Ripoff Waterstones

Actually, the subject line only really works if you are Jonathon Ross.

Anyway, I didn’t mention in my earlier post that my book-buying started in Waterstones. I came across it in the hour before we had lunch, and I thought I would see what their SF shelves were like.

Actually, they were pretty good, and I could see a number of books I hadn’t heard of before that might be interesting. Spurred on by the “3 for 2” displays all around the store, I ended up selecting 6 books. Only to be charged for 6 books at the till.

The cashier was embarassed and apologetic as she pointed out that below the big “3 for 2” display banners and shelf decals was a tiny line of type saying words to the effect of “stickered items only”. She admitted it caused no end of complaints, but was down to head office.

“Would you like to speak to a manager?” she asked.

“Will it make any difference?” I replied. She admitted it wouldn’t so I took my purchases and made my way to the door. Then I stopped and walked back.

“I’m sorry, but I really do feel strongly about this. I know it’s not your fault, but the displays are deliberately deceptive. I’d like my money back, please”.

Which is why I left Cambridge with 6 less science fiction books than I would have. The really annoying thing is that it occurred to me afterwards, that I could have used my phone to scan the barcodes of the books, so I could order them from Amazon. I can’t recall the details of any of them, now, other than “oh, that looks good!”


  1. January 22, 2011

    We almost got caught like that on the talking books at Christmas. Ma-in-Law is now legally blind and can’t read print anymore, hence the request for talking books.

    Big signs saying “3 for 2” on the talking books display but NO STICKERS on anything. I assumed that it meant everything on the display. No, I was informed. It only applies to stickered items. Of which there weren’t any.

    It’s a bit like me saying “All elephants free!” and then pointing out that I don’t actually have any elephants.

    I agree with your “Grrrr”. I want to support High Street book shopping, but really, Waterstones is doing everything it can to make me go to Amazon.

  2. January 22, 2011

    We’ve always assumed that if the item isn’t stickered it isn’t part of the promotion. In Annie’s case, if there weren’t any stickered items on the shelves with the sign on them then the sign shouldn’t have been there, and they were at fault for not taking it down.

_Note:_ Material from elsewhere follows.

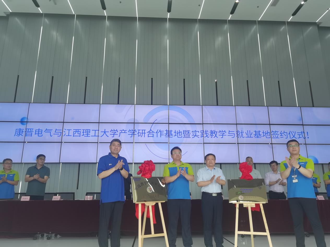 与康晋电气产学研合作基地签约仪式在赣州市康晋电气设备有限公司举行。校党委常委、副校长龚姚腾,赣州高新开发区主任谢博,康晋电气集团副总经理胡伟峰,赣州市康晋电气设备有限公司领导与员工代表,电气工程与自动化学院院长刘细平、副院长林元璋及教师代表参加本次活动。

    On the upside, we have on a couple of occasions had non-stickered items knocked off–whether this is because Jan has a nice face, or because the assistant was feeling well-disposed towards people at the time, I don’t know. Our Waterstones still remembers when it was Ottakar’s, I think, or is aware that it’s fighting a long defeat in the face of Amazon and the like.

    • chris
      January 22, 2011

      We’ve always assumed that if the item isn’t stickered it isn’t part of the promotion.
      Normally I would agree. But – in the SF section – there were actually very few stickered items, but every shelf in that section had a full-width strip saying “3 for 2”. The few stickered items were faced forward, while the non-stickered items were spine-out, so it looked like they had just stickered those books on full display. Also, at least one book was only partly stickered – i.e. stickers on 2 copies, not stickered on a 3rd. So it really did look to me like it was the whole section, if not the shop (the shelf strips were elsewhere as well).

  3. January 23, 2011

    It might not have made a difference to you on the occasion in question, but if the manager gets called out to address a customer over something like that, there’s a decent chace it will then get mentioned to the area manager. If enough people in enough stores in the area do that, then the word gets back to the promotions department, quite possibly in the form of a “why aren’t you following the Trading Standards guidelines?”-type bollocking. Local managers and staff with concerns about such things, OTOH, tend not to be taken notice of unless they can cite actual instances of customers complaining.

    Better still, of course, is to write to their head office.